Il traffico navale globale potrebbe mettere in pericolo la biosicurezza dell’Antartide

In questo momento, il L’Antartico e le acque circostanti sono sorprendentemente prive di specie invasive. Secondo una nuova ricerca, tuttavia, quella situazione potrebbe cambiare in un futuro non troppo lontano, grazie a un livello scioccante di connettività con i porti di tutto il mondo. Le navi possono trasportare accidentalmente una vasta gamma di vita marina, che a sua volta può colonizzare nuovi luoghi (come il polo sud del mondo), superare la vita indigena e generalmente devastare un ecosistema. Nuova ricerca ha tracciato i percorsi delle varie navi da ricerca, navi turistiche e pescherecci che sbuffano nelle acque ghiacciate dell’Antartico.

Secondo Arlie McCarthy, ricercatore presso il Dipartimento di Zoologia dell’Università di Cambridge e il British Antarctic Survey, queste moto d’acqua portano tutte con sé il rischio di visitatori indesiderati.
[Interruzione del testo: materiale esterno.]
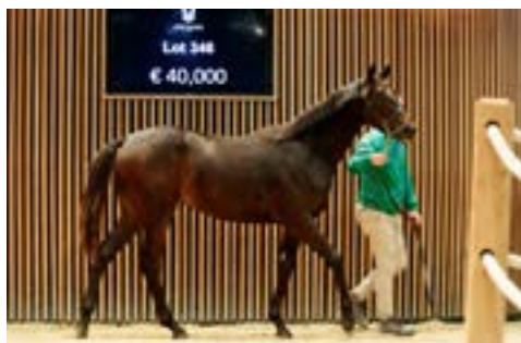
L. Arqana Octobre Lot 346 vendue €40,000 à SAS Le Marais / Fabrice Vermeulen F. ex Visaya présentée par le Haras de Beauvoir
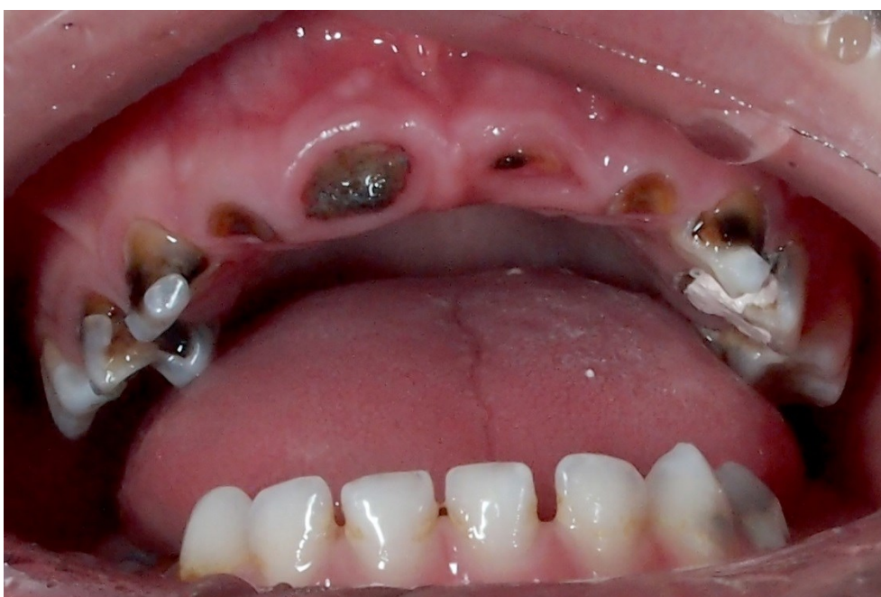
Slika 5. Rani dječji karijes.

Roditelje treba savjetovati o pravilnoj prehrani, pružiti upute o oralnoj higijeni, važnosti fluora i dodatnim izvorima fluora, uključujući pastu za zube i profesionalnu primjenu fluora. Ukoliko postoji indikacija, potrebno je napraviti rendgenski pregled kako bi se otkrio karijes u ranoj fazi, a stomatološke bolesti treba pravovremeno liječiti. Djeca s prirođenim srčanim greškama trebaju uvijek imati zdrave zube, ali to je posebno važno ukoliko se planira kardiokirurški zahvat. Detaljni stomatološki pregled, uključujući odgovarajuće rendgenske snimke, treba obaviti prije nego se dijete podvrgne operaciji srca. Na taj način se sprječava odgađanje operativnog zahvata i smanjuje rizik za IE (35,37).
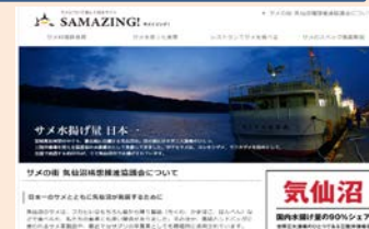
PR活動支援の一環として、HPを作成
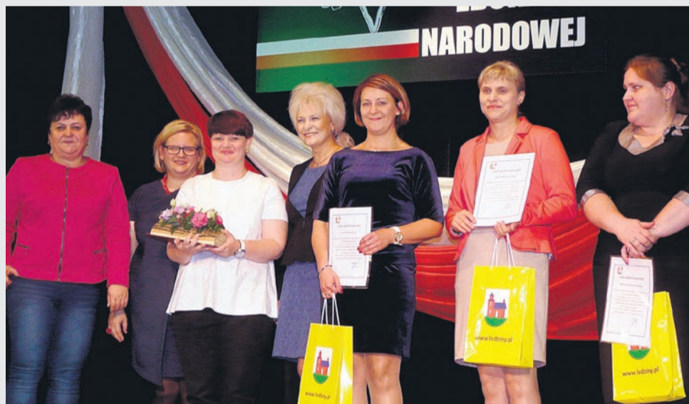
Gimnazjum nr 1

E i visitatori potrebbero avere più possibilità di trasferirsi di quanto pensassimo una volta.

“Sappiamo da altre aree fredde del mondo, incluso l’Artico, che le cose che crescono sugli scafi delle navi vengono assolutamente trasportate da un luogo all’altro, ed è una delle principali fonti di introduzione marina in tutto il mondo”, ha detto McCarthy Ars. “Sappiamo anche che le navi che entrano in Antartide hanno cose che crescono su di loro. Quello che non sapevamo fino a questo punto era un buon dettaglio su dove vanno quelle navi”.

La ricerca di McCarthy suggerisce che ci sono 1.581 porti in tutto il mondo con collegamenti con l’Antartide. Si tratta di porti da cui almeno una nave si è recata nella regione, definita a sud di -60 gradi di latitudine, come stabilito dal Trattato Antartico. Per determinarlo, lei e il suo team hanno esaminato i dati di spedizione da Lloyd’s List Intelligence, una vecchia e affidabile fonte di dati marittimi, dati sugli scali portuali e dati satellitari grezzi. Le ha permesso di monitorare l’attività della nave tra il 2014 e il 2018.
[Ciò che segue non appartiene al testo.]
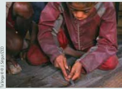
Ta'anga © J. Séguir/ZED
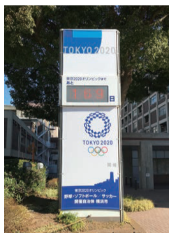
↑関内駅前に設置されたカウントボード

東京五輪の開幕まで200日となった1月6日、オリンピック・パラリンピック開幕までの日数を表示するカウントダウンボードが横浜市内に設置されました。同日、アブソルート横浜営業所のすぐそばにある横浜市庁舎の前で開催された記念セレモニーでは、林文子市長のあいさつや消防音楽隊による演奏、さらに、横浜スタジアムで開催される野球・ソフトボールの競技カラーである「藍色」で描かれたデイ・
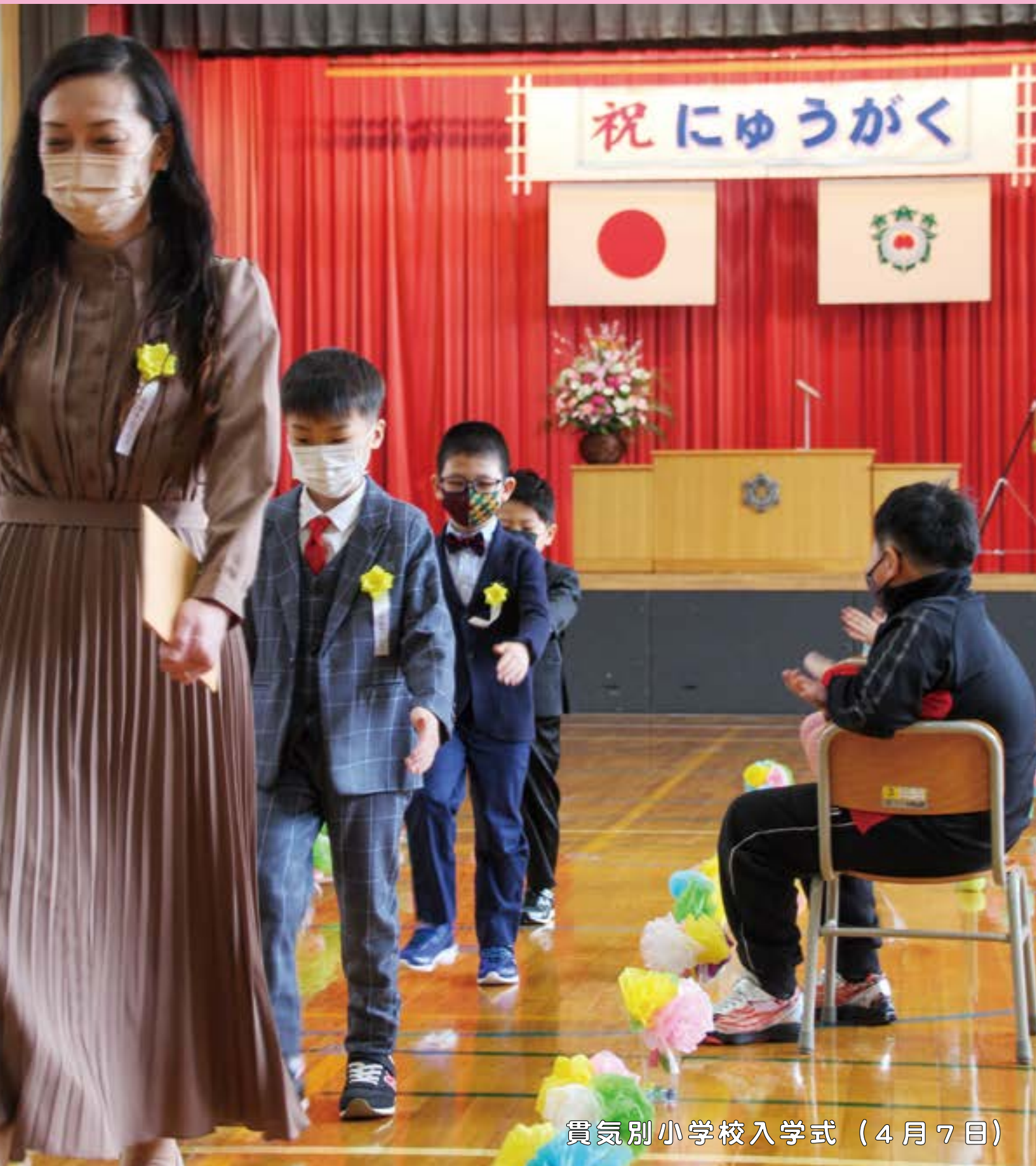
貫気別小学校入学式（4月7日）

“Sono collegati in qualche modo all’Antartide”, ha detto McCarthy, riferendosi ai porti. Ciò significa che una miriade di specie come granchi, cirripedi e alghe provenienti da un numero enorme di luoghi potrebbero finire nell’area. Con l’aumento del trasporto marittimo globale, e mentre ricercatori e turisti continuano a dirigersi in queste acque, crescono anche le probabilità che specie invasive prendano piede. C’è anche una preoccupazione per il movimento di alcune specie dal Polo Nord al Polo Sud, potenzialmente su navi turistiche o di ricerca. Le specie dell’Artico si sarebbero probabilmente adattate al freddo e potrebbero prosperare nel freddo Antartico meglio delle specie portate da qualche parte a sud dell’equatore.
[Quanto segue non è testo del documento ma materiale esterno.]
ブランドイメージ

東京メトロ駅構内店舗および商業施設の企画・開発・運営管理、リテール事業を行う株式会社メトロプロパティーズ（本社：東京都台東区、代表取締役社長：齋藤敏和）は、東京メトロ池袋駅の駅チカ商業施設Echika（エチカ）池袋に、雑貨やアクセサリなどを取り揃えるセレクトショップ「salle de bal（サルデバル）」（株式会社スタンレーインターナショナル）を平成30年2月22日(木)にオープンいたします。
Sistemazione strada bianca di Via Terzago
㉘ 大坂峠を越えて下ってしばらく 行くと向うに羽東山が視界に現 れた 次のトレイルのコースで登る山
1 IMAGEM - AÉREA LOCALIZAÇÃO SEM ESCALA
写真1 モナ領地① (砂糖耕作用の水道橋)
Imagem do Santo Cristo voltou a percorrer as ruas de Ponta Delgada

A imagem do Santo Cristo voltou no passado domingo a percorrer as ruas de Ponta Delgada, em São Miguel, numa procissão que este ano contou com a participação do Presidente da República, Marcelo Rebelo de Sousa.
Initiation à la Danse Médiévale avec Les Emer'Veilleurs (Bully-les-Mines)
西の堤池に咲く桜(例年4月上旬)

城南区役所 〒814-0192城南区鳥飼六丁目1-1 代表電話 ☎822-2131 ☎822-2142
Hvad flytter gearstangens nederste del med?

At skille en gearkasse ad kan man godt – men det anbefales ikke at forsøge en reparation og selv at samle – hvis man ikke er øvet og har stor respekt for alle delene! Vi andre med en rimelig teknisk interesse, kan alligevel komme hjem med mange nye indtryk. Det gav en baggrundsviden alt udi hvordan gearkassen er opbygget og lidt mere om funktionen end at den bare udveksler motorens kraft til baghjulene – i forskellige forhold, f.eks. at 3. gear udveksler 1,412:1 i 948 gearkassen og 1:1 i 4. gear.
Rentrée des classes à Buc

Le acque antartiche sono per lo più prive di specie marine invasive, ce ne sono alcune invasive erbe e insetti— e l’oceano è più isolato di molti altri oceani. Ciò è dovuto in gran parte al vicino Oceano Antartico, che ha correnti che circondano l’Antartide. Sono particolarmente forti e formano una specie di barriera. “Qualunque cosa provenga dalle correnti oceaniche dagli oceani più a nord, può essere deviata dall’Antartide piuttosto che attraversare effettivamente l’Oceano Australe. Fermano la maggior parte delle cose che arrivano dalle correnti d’acqua”, ha detto McCarthy, aggiungendo che foche e balene sono in grado di attraversare queste correnti, anche se cozze, cirripedi e alghe sono spesso bloccati.

Poiché la regione è così fredda, molti degli organismi che la chiamano casa vivono più o meno al limite di ciò che è fisiologicamente possibile. C’è meno cibo che altrove e molte delle creature hanno adattato comportamenti molto specializzati per sopravvivere, quindi le specie invasive potrebbero causare più danni di quanto non facciano in un luogo dove c’è più cibo e calore. Ad esempio, alcune forme di vita antartiche hanno sviluppato gigantismo polare, il che significa che crescono grandi, vivono lentamente e muoiono invecchiate. Specie più piccole, più veloci e a riproduzione più rapida provenienti da altre zone, supponendo che possano sopravvivere nell’Antartico, potrebbero superare gli abitanti originari.